• _Data_:
== Segment start ==

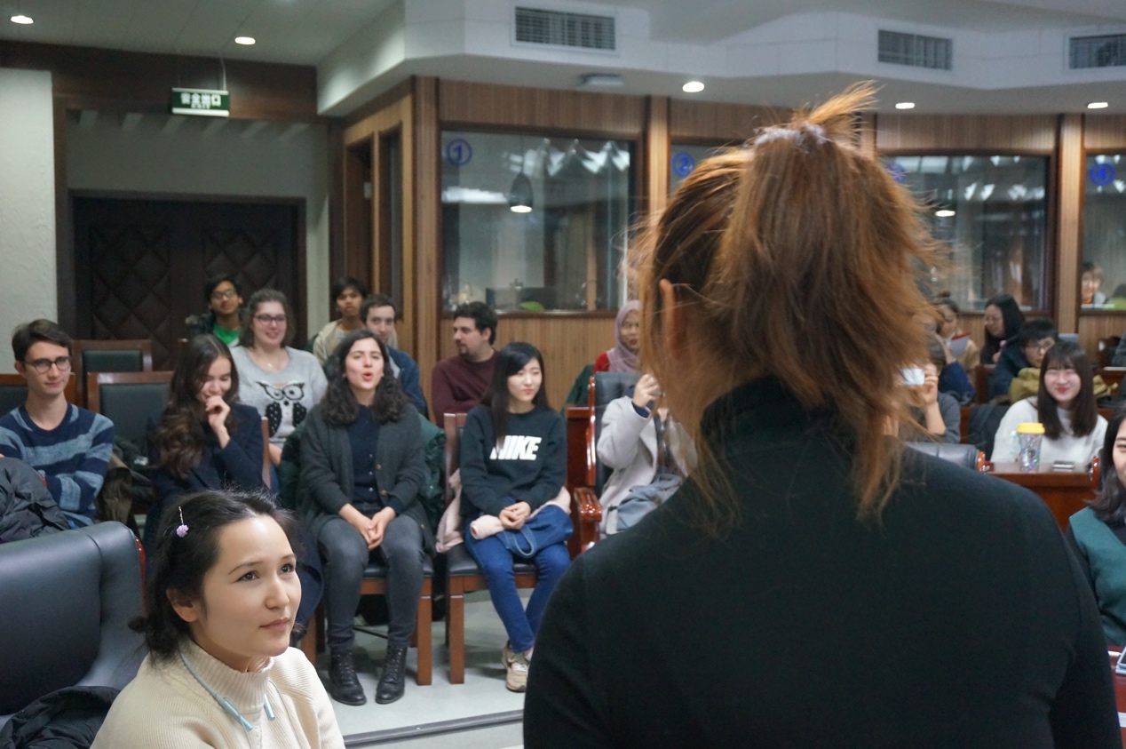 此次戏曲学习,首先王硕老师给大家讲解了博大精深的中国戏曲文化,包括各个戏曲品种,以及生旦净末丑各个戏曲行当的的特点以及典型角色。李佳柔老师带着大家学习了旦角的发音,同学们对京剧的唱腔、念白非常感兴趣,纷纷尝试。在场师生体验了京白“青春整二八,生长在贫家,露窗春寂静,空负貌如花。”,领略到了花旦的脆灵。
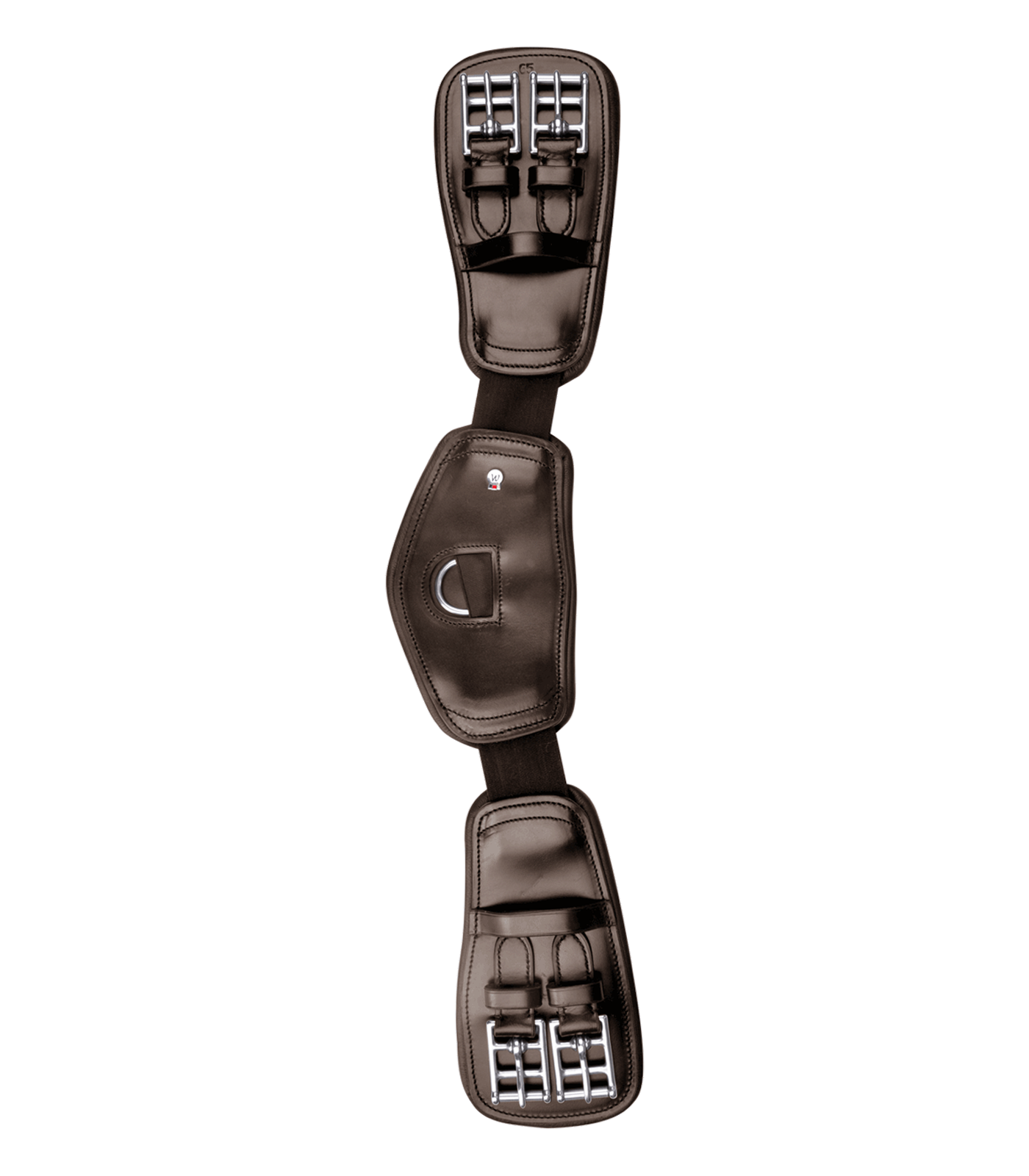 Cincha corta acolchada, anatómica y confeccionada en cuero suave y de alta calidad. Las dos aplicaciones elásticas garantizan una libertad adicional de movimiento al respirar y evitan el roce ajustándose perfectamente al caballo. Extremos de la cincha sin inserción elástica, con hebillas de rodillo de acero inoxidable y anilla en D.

== Segment end ==
== Segment start ==

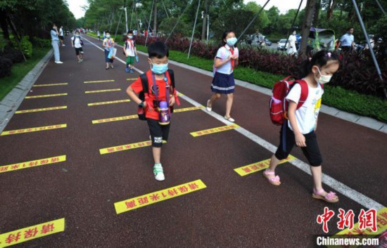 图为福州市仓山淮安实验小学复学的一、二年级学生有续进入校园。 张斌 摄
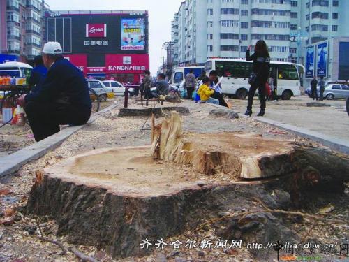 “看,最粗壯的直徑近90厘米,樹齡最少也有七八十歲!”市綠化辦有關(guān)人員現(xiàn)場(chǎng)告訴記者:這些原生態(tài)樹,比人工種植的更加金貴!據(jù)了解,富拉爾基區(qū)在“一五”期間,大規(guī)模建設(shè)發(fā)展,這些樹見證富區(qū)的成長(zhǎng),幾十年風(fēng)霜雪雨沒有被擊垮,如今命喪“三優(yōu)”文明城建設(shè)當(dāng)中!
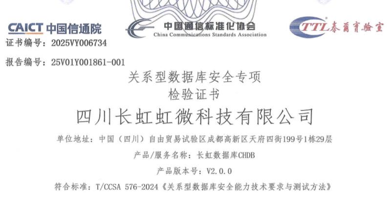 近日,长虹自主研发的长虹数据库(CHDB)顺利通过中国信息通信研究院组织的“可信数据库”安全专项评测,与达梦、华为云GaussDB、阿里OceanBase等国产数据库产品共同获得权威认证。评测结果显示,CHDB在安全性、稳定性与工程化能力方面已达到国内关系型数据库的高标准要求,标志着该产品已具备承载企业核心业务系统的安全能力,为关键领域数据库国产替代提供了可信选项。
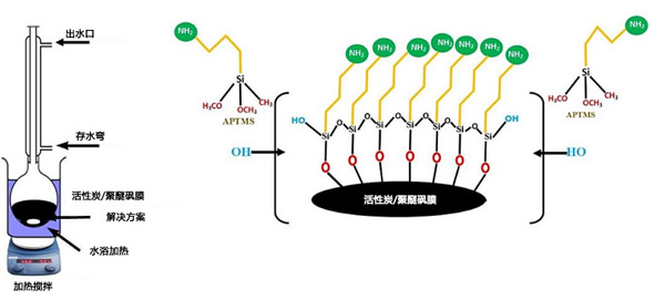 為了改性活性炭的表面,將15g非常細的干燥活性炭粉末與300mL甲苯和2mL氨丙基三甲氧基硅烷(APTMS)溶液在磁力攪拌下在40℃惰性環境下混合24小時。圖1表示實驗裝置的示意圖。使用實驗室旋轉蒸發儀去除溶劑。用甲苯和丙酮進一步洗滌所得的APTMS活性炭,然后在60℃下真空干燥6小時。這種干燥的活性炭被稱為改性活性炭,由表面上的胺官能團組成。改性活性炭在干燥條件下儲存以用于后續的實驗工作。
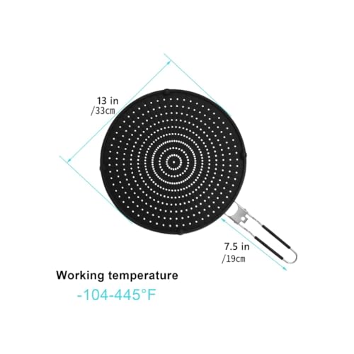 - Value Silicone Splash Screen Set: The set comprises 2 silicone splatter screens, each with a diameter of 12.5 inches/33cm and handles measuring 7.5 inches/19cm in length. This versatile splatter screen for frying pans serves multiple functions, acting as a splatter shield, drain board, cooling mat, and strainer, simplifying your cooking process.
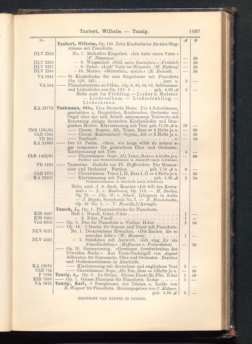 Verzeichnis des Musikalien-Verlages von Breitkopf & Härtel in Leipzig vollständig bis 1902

== Segment end ==
== Segment start ==

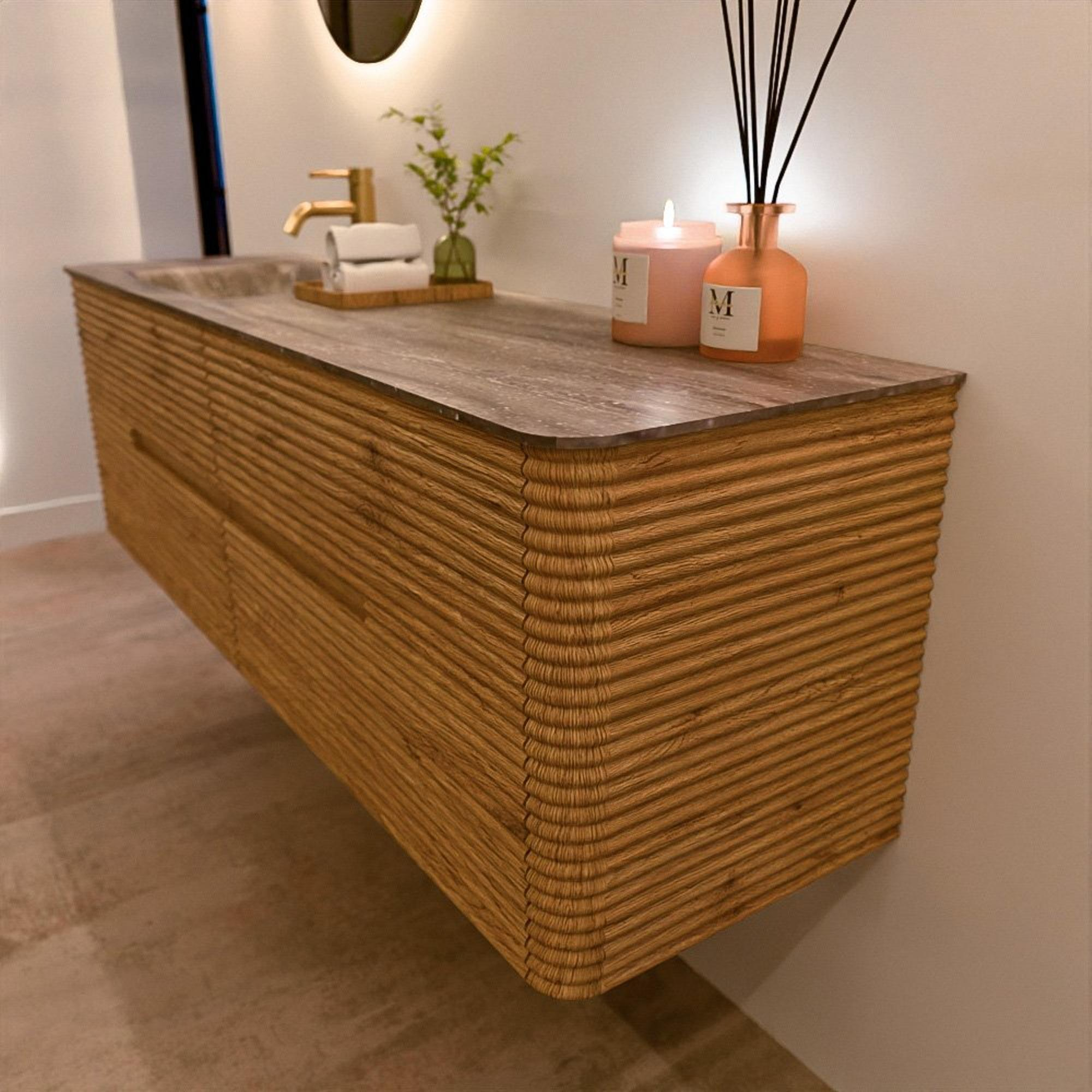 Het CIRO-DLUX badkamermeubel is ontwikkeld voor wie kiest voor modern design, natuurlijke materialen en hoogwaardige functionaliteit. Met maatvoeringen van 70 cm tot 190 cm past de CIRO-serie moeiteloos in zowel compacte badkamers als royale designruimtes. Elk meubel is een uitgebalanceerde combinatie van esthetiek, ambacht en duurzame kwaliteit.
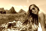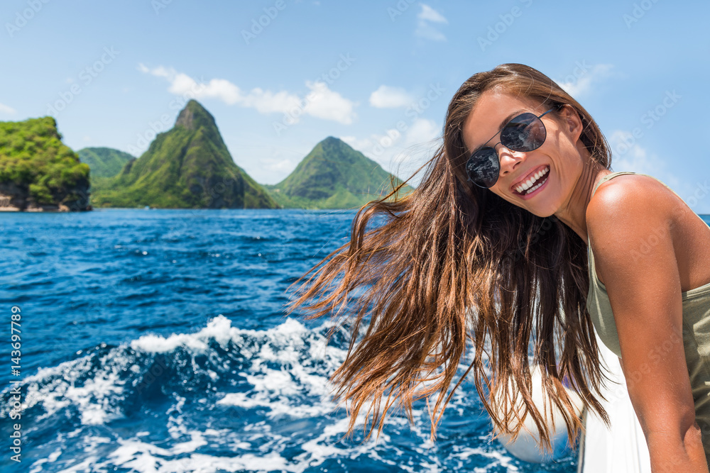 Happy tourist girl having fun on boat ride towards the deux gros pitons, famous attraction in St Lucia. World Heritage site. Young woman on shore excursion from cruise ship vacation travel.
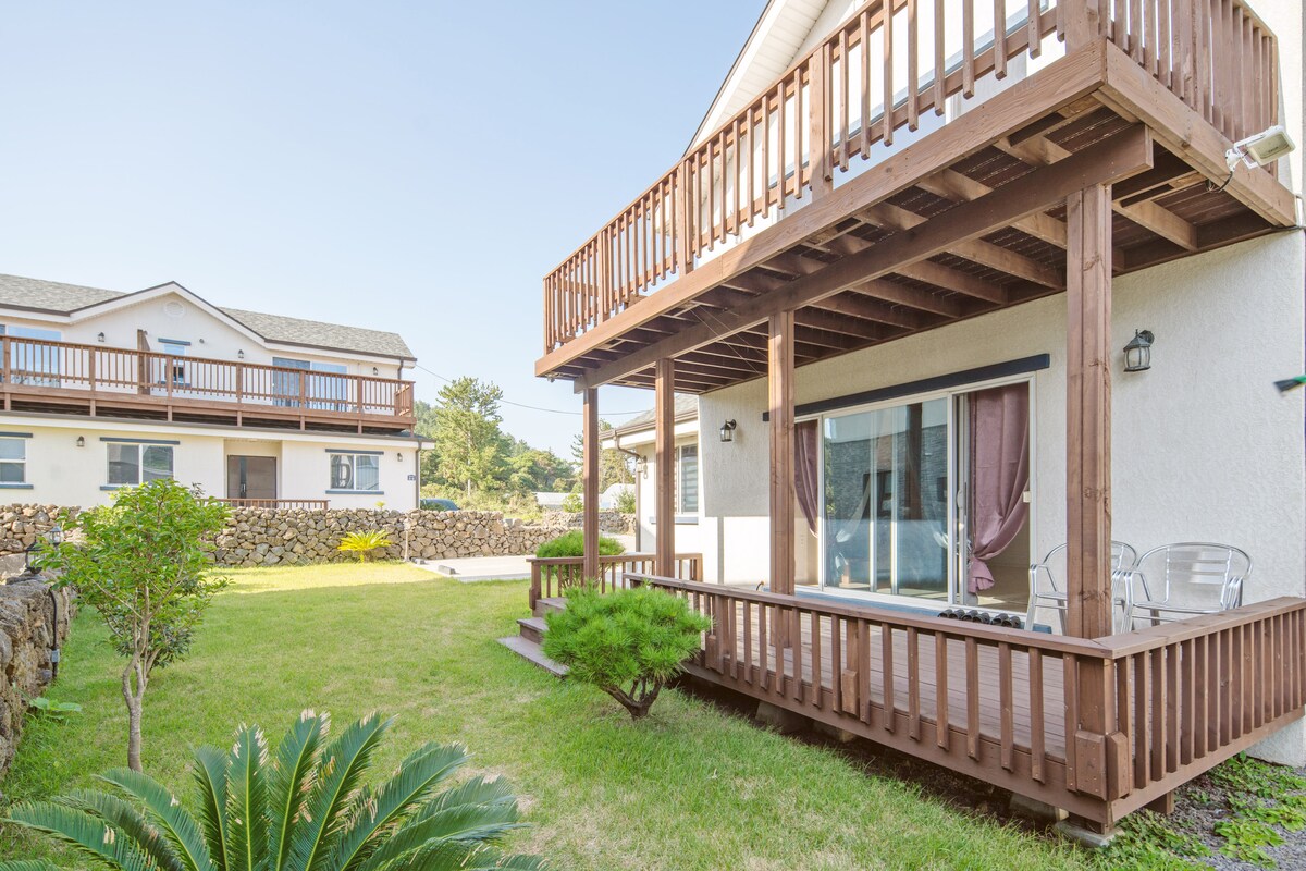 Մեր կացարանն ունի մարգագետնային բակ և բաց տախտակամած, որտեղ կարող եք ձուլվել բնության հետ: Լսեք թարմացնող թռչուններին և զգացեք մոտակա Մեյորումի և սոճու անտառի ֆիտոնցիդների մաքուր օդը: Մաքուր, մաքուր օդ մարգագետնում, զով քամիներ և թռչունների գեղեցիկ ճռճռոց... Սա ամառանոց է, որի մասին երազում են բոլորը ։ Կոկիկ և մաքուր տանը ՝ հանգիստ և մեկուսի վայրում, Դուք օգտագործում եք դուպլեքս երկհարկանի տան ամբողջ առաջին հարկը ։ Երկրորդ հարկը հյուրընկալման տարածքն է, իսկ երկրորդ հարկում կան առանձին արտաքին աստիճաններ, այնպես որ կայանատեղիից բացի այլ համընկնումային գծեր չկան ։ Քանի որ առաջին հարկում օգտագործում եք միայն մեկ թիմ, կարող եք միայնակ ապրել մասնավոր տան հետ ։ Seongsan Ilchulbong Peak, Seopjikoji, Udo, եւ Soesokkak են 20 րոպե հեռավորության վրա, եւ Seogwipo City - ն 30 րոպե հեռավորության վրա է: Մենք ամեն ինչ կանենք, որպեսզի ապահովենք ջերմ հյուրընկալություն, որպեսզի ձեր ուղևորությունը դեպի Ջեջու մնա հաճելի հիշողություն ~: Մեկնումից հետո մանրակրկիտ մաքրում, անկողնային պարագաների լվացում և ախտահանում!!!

== Segment end ==

• _Task details_: Return the material from the line containing "图为福州市仓山淮安实验小学复学的一、二年级学生有续进入校园。 张斌 摄" through the line containing "近日,长虹自主研发的长虹数据", exactly and in full, but without its pictures.

• _Answer space_:
 图为福州市仓山淮安实验小学复学的一、二年级学生有续进入校园。 张斌 摄
 “看,最粗壯的直徑近90厘米,樹齡最少也有七八十歲!”市綠化辦有關(guān)人員現(xiàn)場(chǎng)告訴記者:這些原生態(tài)樹,比人工種植的更加金貴!據(jù)了解,富拉爾基區(qū)在“一五”期間,大規(guī)模建設(shè)發(fā)展,這些樹見證富區(qū)的成長(zhǎng),幾十年風(fēng)霜雪雨沒有被擊垮,如今命喪“三優(yōu)”文明城建設(shè)當(dāng)中!
 近日,长虹自主研发的长虹数据库(CHDB)顺利通过中国信息通信研究院组织的“可信数据库”安全专项评测,与达梦、华为云GaussDB、阿里OceanBase等国产数据库产品共同获得权威认证。评测结果显示,CHDB在安全性、稳定性与工程化能力方面已达到国内关系型数据库的高标准要求,标志着该产品已具备承载企业核心业务系统的安全能力,为关键领域数据库国产替代提供了可信选项。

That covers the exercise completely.